======== Supplied data

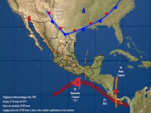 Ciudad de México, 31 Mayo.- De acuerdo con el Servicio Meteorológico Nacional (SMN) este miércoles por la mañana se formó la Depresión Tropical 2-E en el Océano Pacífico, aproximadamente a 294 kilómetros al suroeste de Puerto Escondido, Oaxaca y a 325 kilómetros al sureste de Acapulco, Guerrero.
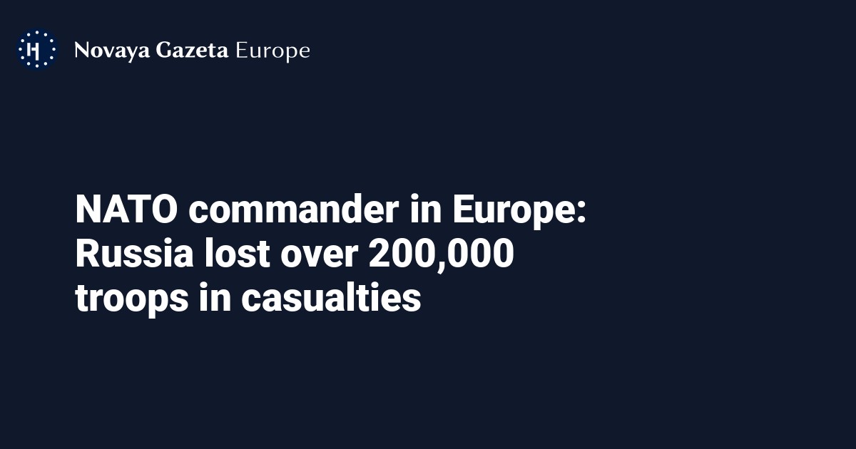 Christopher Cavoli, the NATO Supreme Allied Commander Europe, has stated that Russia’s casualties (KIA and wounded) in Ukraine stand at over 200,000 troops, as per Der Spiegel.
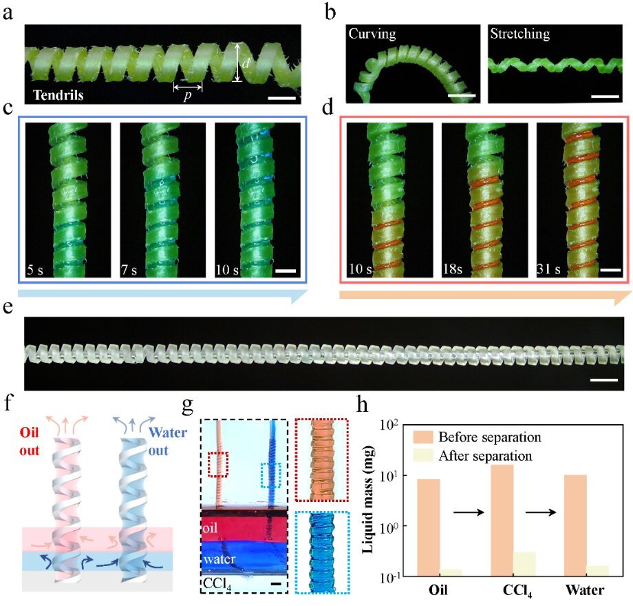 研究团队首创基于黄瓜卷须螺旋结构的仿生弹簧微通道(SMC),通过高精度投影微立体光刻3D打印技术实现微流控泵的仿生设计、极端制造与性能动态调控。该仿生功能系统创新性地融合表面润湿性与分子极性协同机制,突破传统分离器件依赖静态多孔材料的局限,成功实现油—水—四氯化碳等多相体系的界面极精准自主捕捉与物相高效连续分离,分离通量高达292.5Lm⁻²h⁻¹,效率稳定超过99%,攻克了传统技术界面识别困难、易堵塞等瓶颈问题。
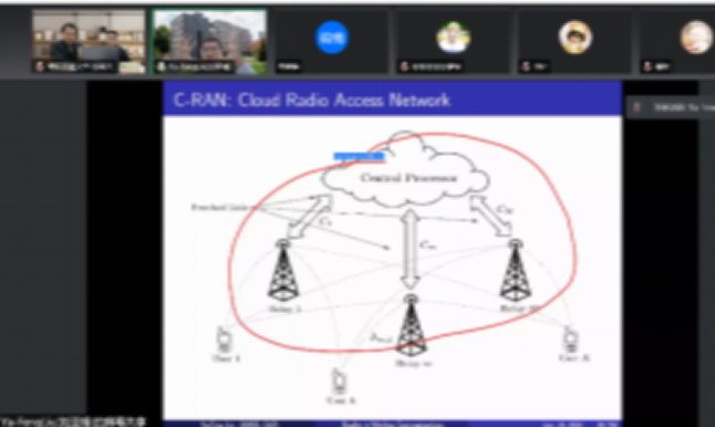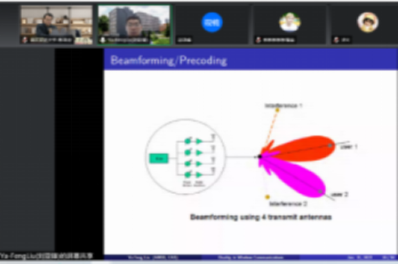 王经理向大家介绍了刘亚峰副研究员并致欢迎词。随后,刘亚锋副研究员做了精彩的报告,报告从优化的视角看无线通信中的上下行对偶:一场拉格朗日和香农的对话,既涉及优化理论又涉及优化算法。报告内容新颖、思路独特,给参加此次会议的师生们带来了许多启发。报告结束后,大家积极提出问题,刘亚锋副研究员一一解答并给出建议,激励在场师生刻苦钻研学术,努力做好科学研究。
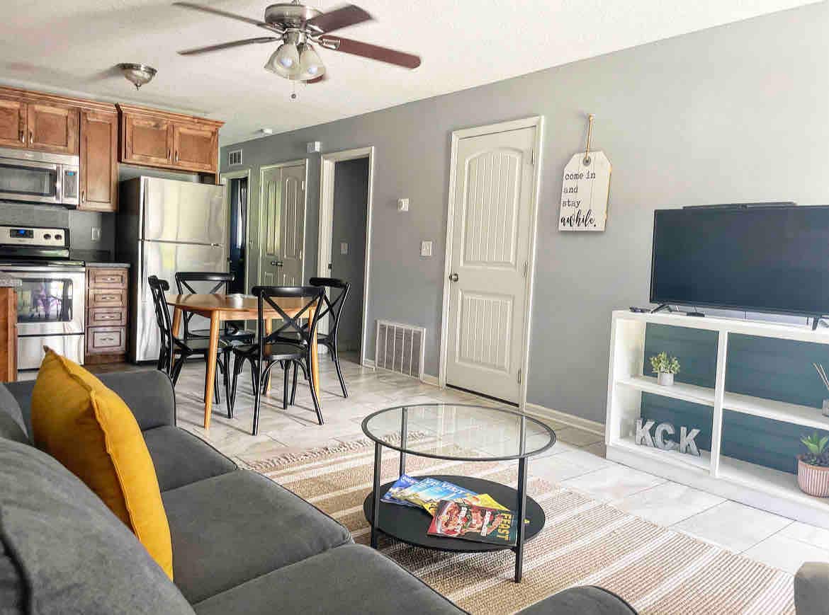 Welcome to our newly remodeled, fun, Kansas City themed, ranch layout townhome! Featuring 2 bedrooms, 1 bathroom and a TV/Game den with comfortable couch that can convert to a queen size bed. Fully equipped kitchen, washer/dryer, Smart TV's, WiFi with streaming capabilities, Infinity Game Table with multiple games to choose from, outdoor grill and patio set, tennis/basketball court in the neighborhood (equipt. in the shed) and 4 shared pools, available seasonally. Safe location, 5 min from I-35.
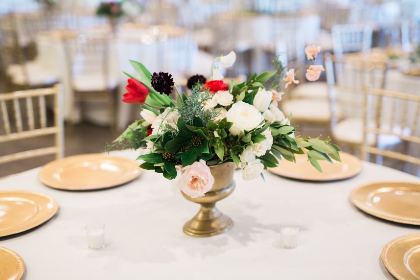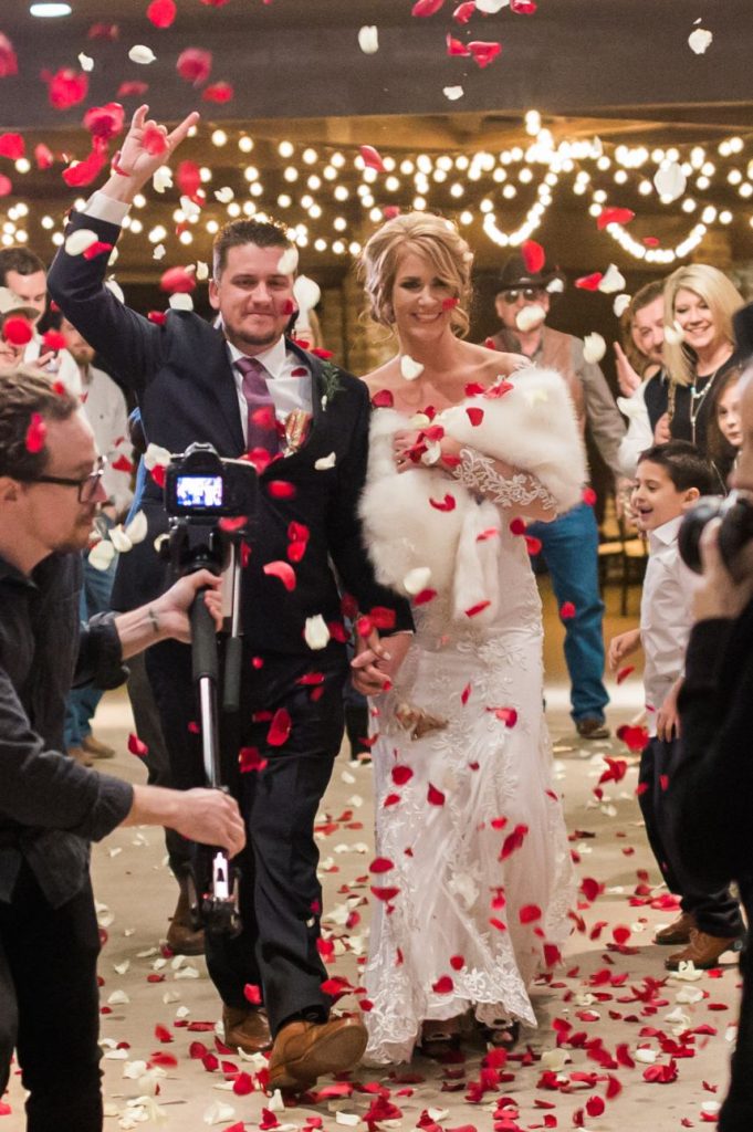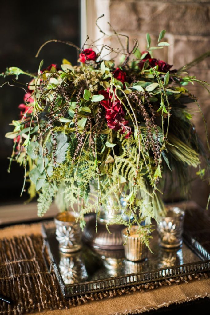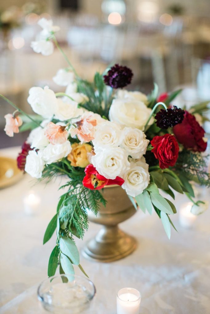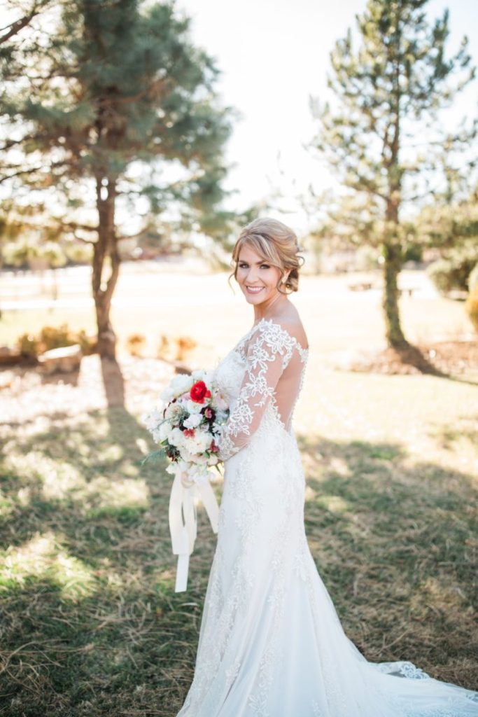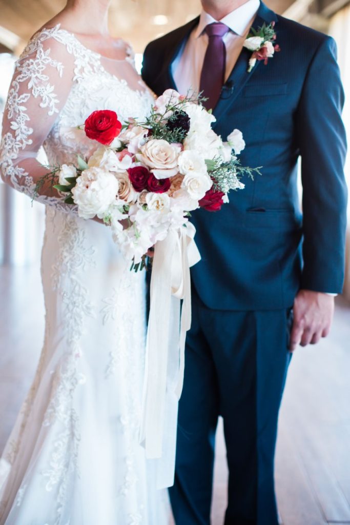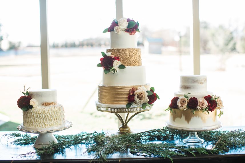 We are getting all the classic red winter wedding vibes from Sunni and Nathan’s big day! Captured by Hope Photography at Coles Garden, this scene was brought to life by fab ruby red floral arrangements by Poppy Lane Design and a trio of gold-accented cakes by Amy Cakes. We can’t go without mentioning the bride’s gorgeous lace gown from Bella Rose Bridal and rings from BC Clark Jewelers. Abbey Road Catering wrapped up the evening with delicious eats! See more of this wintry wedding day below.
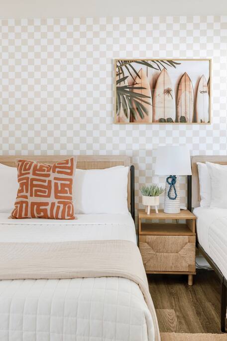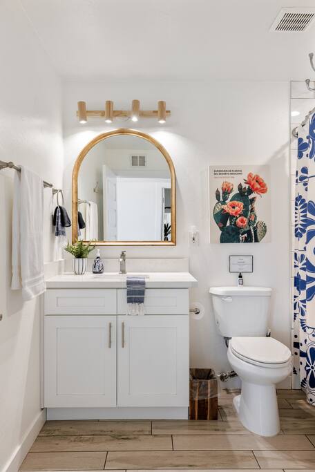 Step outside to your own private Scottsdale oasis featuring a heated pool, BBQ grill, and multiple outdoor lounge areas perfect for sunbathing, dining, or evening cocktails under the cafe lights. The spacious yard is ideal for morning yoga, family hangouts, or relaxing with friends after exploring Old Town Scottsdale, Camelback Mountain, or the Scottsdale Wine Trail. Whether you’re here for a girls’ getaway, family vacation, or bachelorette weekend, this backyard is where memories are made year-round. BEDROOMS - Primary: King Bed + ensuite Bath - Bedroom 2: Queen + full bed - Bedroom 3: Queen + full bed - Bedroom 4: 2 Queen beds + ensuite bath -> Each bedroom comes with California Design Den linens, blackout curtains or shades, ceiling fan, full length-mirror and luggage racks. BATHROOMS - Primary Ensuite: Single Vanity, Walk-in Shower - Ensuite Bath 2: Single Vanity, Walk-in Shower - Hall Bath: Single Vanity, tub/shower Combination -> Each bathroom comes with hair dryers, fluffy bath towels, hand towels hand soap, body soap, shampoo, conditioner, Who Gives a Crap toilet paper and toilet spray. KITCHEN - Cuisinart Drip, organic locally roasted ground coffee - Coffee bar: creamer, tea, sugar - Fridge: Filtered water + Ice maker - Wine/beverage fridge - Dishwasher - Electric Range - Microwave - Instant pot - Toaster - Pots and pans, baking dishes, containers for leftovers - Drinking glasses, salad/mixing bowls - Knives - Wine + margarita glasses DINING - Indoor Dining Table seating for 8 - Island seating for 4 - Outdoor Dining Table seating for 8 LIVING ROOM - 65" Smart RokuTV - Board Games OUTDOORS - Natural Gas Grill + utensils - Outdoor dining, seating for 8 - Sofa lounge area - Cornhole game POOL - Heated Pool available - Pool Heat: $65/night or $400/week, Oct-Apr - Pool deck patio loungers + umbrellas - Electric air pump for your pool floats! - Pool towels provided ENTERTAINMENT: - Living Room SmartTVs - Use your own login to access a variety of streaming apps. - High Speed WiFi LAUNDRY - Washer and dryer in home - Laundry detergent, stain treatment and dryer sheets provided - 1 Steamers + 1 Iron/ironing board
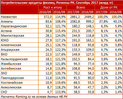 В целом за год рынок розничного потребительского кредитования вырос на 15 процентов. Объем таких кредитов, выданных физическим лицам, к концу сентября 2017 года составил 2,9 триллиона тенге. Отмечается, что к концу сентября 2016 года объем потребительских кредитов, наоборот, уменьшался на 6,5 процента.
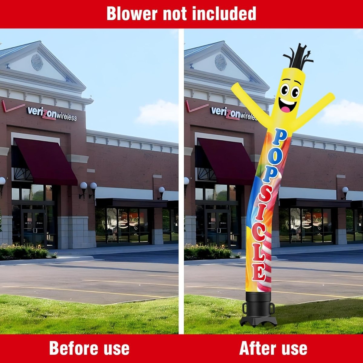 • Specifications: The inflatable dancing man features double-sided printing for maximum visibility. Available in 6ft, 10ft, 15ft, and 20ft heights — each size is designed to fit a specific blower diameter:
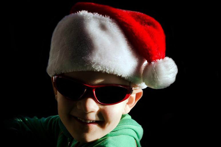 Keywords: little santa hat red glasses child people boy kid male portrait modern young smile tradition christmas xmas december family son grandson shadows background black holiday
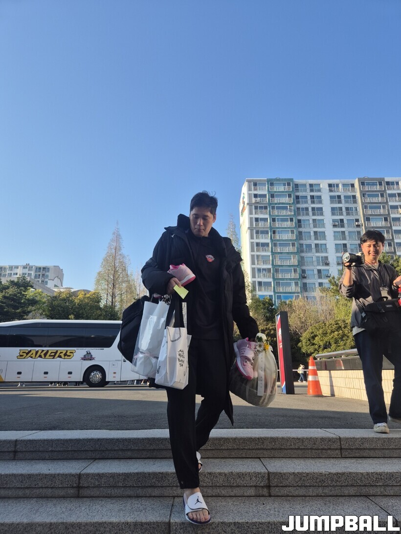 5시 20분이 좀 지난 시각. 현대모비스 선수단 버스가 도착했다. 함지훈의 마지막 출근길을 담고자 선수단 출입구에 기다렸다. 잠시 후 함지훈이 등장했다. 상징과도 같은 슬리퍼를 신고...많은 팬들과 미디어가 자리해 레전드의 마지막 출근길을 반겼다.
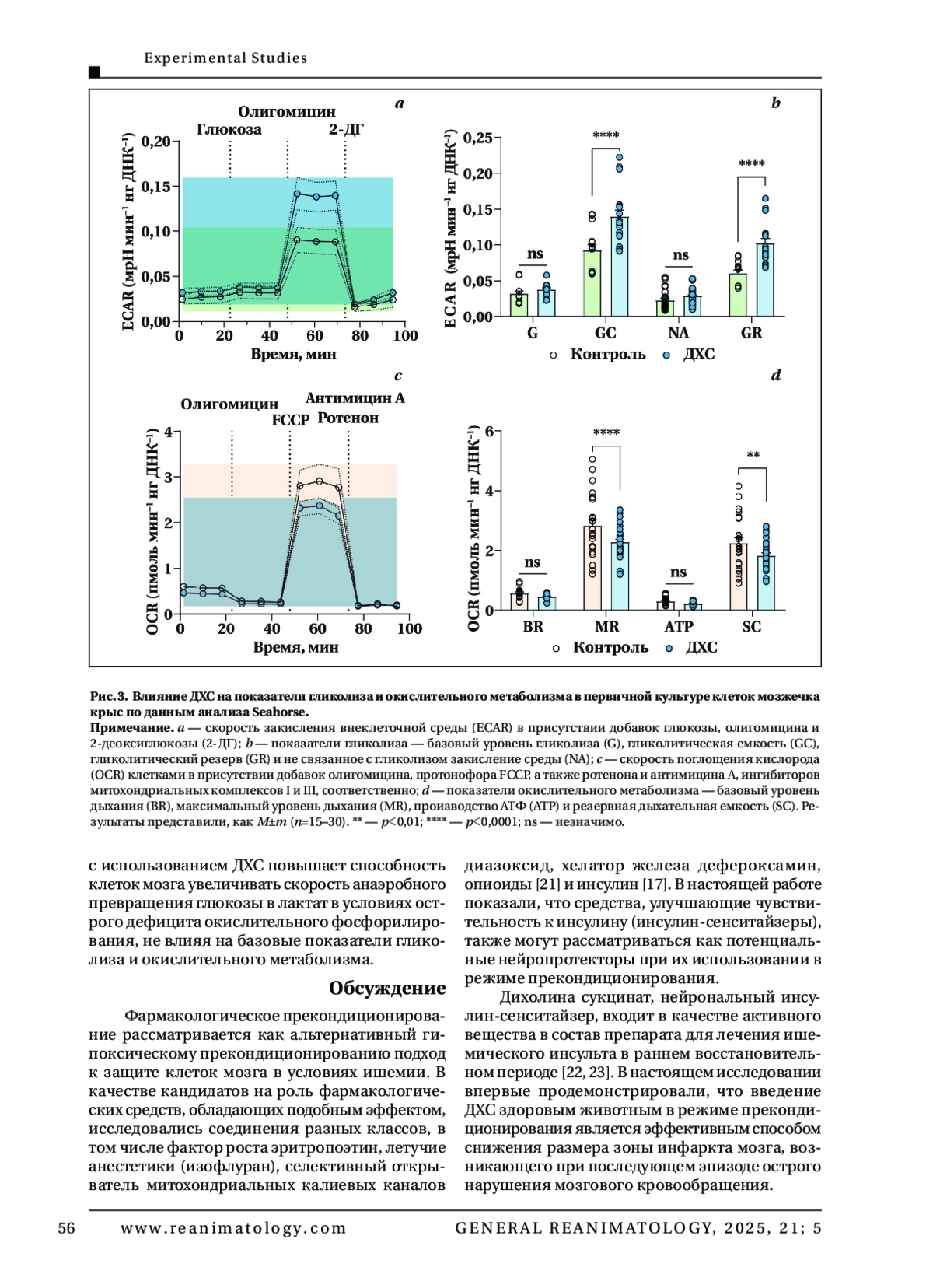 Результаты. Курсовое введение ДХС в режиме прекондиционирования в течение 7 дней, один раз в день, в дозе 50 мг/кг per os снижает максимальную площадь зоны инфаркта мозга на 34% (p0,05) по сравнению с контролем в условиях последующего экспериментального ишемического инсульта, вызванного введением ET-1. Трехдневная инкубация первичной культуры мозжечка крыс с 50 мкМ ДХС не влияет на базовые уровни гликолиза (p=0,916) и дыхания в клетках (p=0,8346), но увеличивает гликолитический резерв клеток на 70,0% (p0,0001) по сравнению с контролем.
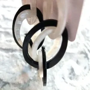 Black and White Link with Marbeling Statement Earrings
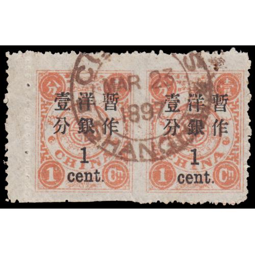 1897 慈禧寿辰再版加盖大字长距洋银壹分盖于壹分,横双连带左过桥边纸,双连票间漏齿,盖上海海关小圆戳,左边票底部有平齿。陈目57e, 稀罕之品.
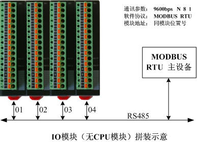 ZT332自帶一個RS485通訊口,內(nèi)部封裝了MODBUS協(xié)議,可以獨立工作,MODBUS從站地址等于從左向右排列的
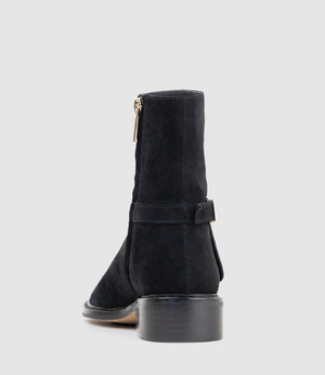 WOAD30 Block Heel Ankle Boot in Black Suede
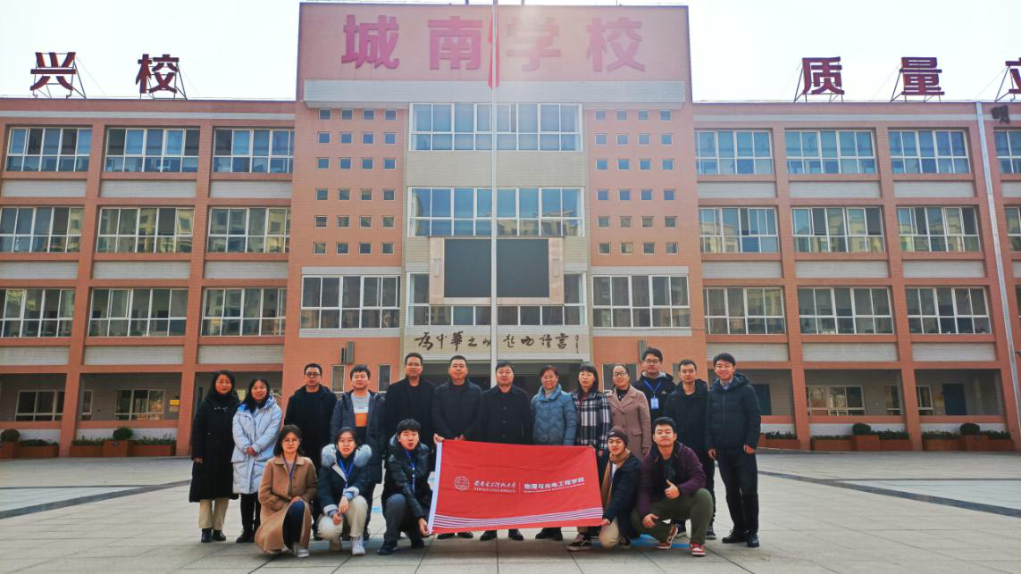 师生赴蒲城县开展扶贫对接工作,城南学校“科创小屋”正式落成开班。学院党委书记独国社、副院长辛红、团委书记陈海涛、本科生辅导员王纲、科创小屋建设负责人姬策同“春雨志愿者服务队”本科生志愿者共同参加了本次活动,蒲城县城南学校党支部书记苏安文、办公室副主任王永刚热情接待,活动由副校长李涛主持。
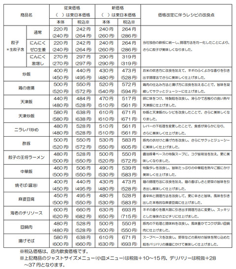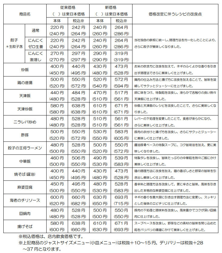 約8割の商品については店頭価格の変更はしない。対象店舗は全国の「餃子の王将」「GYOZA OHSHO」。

================

Task
Could you set down verbatim the lines from the beginning of the entries above through the line containing "王经理向大家介绍了刘亚峰副研", both included, leaving out the pictures?

Expected output
 Ciudad de México, 31 Mayo.- De acuerdo con el Servicio Meteorológico Nacional (SMN) este miércoles por la mañana se formó la Depresión Tropical 2-E en el Océano Pacífico, aproximadamente a 294 kilómetros al suroeste de Puerto Escondido, Oaxaca y a 325 kilómetros al sureste de Acapulco, Guerrero.
 Christopher Cavoli, the NATO Supreme Allied Commander Europe, has stated that Russia’s casualties (KIA and wounded) in Ukraine stand at over 200,000 troops, as per Der Spiegel.
 研究团队首创基于黄瓜卷须螺旋结构的仿生弹簧微通道(SMC),通过高精度投影微立体光刻3D打印技术实现微流控泵的仿生设计、极端制造与性能动态调控。该仿生功能系统创新性地融合表面润湿性与分子极性协同机制,突破传统分离器件依赖静态多孔材料的局限,成功实现油—水—四氯化碳等多相体系的界面极精准自主捕捉与物相高效连续分离,分离通量高达292.5Lm⁻²h⁻¹,效率稳定超过99%,攻克了传统技术界面识别困难、易堵塞等瓶颈问题。
 王经理向大家介绍了刘亚峰副研究员并致欢迎词。随后,刘亚锋副研究员做了精彩的报告,报告从优化的视角看无线通信中的上下行对偶:一场拉格朗日和香农的对话,既涉及优化理论又涉及优化算法。报告内容新颖、思路独特,给参加此次会议的师生们带来了许多启发。报告结束后,大家积极提出问题,刘亚锋副研究员一一解答并给出建议,激励在场师生刻苦钻研学术,努力做好科学研究。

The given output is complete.